Segment Open

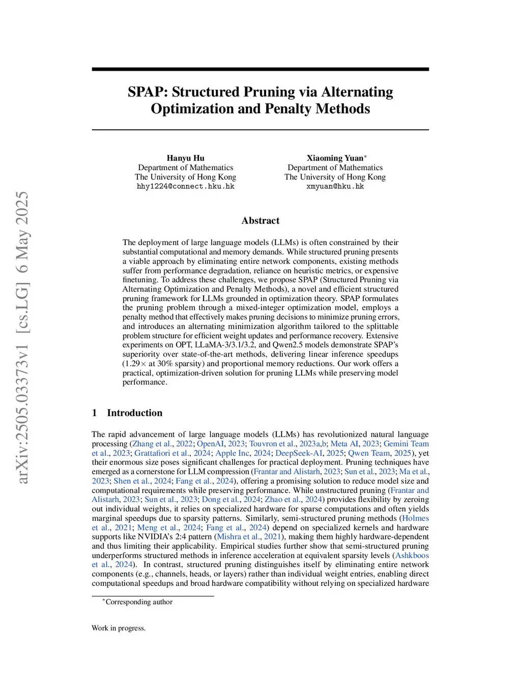 The deployment of large language models (LLMs) is often constrained by their substantial computational and memory demands. While structured pruning presents a viable approach by eliminating entire network components, existing methods suffer from performance degradation, reliance on heuristic metrics, or expensive finetuning. To address these challenges, we propose SPAP (Structured Pruning via Alternating Optimization and Penalty Methods), a novel and efficient structured pruning framework for LLMs grounded in optimization theory. SPAP formulates the pruning problem through a mixed-integer optimization model, employs a penalty method that effectively makes pruning decisions to minimize pruning errors, and introduces an alternating minimization algorithm tailored to the splittable problem structure for efficient weight updates and performance recovery. Extensive experiments on OPT, LLaMA-3/3.1/3.2, and Qwen2.5 models demonstrate SPAP's superiority over state-of-the-art methods, delivering linear inference speedups (1.29 at 30% sparsity) and proportional memory reductions. Our work offers a practical, optimization-driven solution for pruning LLMs while preserving model performance.
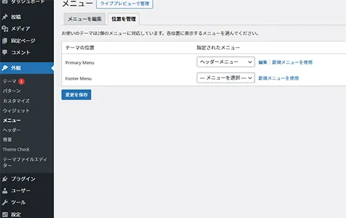 ヘッダーとフッターのメニューを各自に設定します。
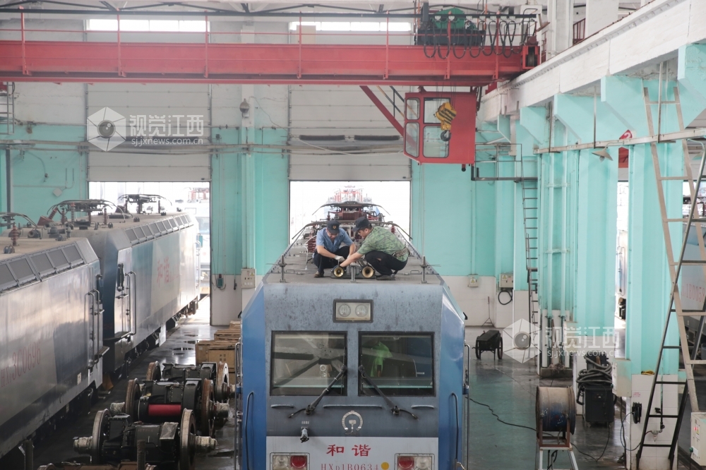 6月22日,为保障汛期列车行车安全,中国铁路南昌局集团有限公司向塘机务段以雨为令,坚持“安全第一、预防为主、综合治理”的原则,持续推进防洪管理规范化、作业标准化、检查整治常态化。该段整备车间专门针对电力机车制动机、车顶高压设备、机车瞭望玻璃、头灯、雨刷、风笛、撒砂器等汛期行车重点设备装置进行全方位检修,为机车穿上“防滑鞋”,确保机车“健康”上线。
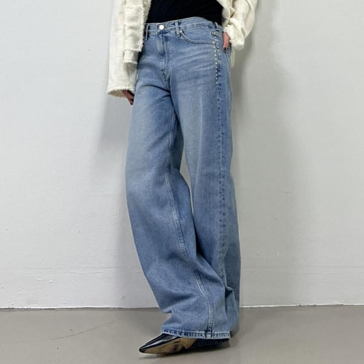 스터드 찡 데님 팬츠 보헤미안 와이드 롱
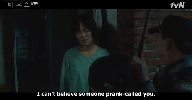 The cops knock on Yu Na’s house. Her drunk mother says that Yu Na is in her bed sleeping and the cops leave.
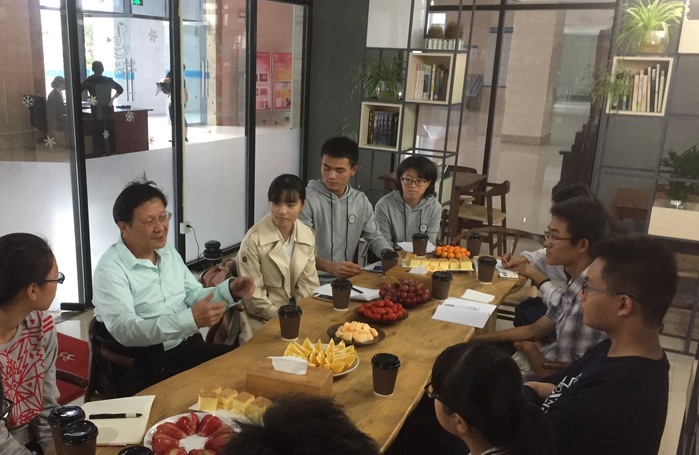 袁教授在简单的自我介绍之后,结合自身的感悟,讲述了他青年时期的求学生涯。袁教授生活的年代,正值高考制度刚刚恢复,高考之不易如同千军万马过独木桥。在这样的大时代背景下,袁教授凭借着过人的勤奋和坚定的信念,以优异的成绩考上了大学。回顾那段艰苦岁月,袁教授感慨良多,并以此激励大家:希望你们在今后的人生道路上,不畏艰难,勇往直前,最终方能取得成功。随后,袁教授谈起自己在法国的生活,他以一些鲜活的例子,展现了中法迥然不同的文化,让大家大开眼界。即使在法国,袁教授依然秉承自己刻苦努力的品质,在实验室的时间是其他研究员的两倍,再次受到在场同学们的由衷佩服。数十年如一日的研究,袁教授总结了科研之路上“心态”的重要性,他认为失败是成功之母,面对成功可以开心三天,面对失败就说一句“C'est La Vie”(法语,“生活”的意思)。在随后的提问环节中,袁教授提出了自己关于出国留学的看法:中国在生命科学领域的发展正处于上升阶段,不建议大家过早的出去留学。只有当自己的研究方向在国内难以获得相应条件时再选择出国。关于爱情观,袁教授坚持应是“先立业,后成家”,唯有成熟之时才能收获真正的爱情。大家围坐在袁教授身侧,谈理想提困惑,渐渐忘却了时间的流逝。在导师沙龙的最后,袁教授送给了在场同学们一句话:克服缺点比发扬优点更加重要!

Segment Closed

== Exercise brief ==
Using the records above, print exactly the lines between the ones containing "스터드 찡 데님 팬츠 보헤미안 와이드 롱" and "The cops knock", inclusive, and nothing else; no pictures.

== Answer to this exercise ==
 스터드 찡 데님 팬츠 보헤미안 와이드 롱
 The cops knock on Yu Na’s house. Her drunk mother says that Yu Na is in her bed sleeping and the cops leave.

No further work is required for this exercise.